Ferrera returned to television as a cast member and producer of the popular sitcom Superstore (2015–21). Building off the documentary-style workplace comedies The Office and Parks and Recreation, the series followed the lives of a group of fictional big-box store employees and their misadventures. Ferrera portrayed Amy, a confident employee on a quest to become store manager. She also directed a number of episodes. The series has been called one of television’s best shows about American life in the 2010s.

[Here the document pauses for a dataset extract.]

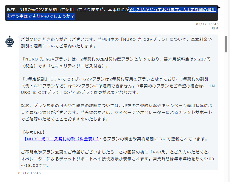 という思いもあり、実際に「NURO光チャット問い合わせ」を行いました。

Barbie and other roles from the 2020s
In the 2020s Ferrera had roles in the Apple TV miniseries WeCrashed (2022), about the rise and fall of the start-up WeWork, and the film Dumb Money (2023), based on the book The Antisocial Network by Ben Mezrich, recounting the 2021 GameStop short squeeze, in which a loose group of amateur traders come together to drive up the value of the video game retailer’s stock. Perhaps Ferrera’s most significant project of the early decade, however, was Barbie (2023). Director and co-writer Greta Gerwig penned the role of Gloria, the undervalued assistant of Mattel’s CEO, with Ferrera in mind. (She also cast Ferrera’s husband in a small role as Gloria’s husband). In the movie, Ferrera delivers a much-talked-about monologue regarding the difficulty of meeting society’s contradictory expectations for women. The movie went on to break numerous 2023 box office records, including the highest-grossing worldwide film ($1.44 billion), and Ferrera was nominated for an Academy Award for best supporting actress.
Activism
In addition to acting, producing, and directing, Ferrera has advocated for several causes, including women’s rights, gender equality in entertainment, immigration reform, racial justice, and environmental conservation. She cofounded (2016) such nonprofit organizations as HARNESS to further these causes.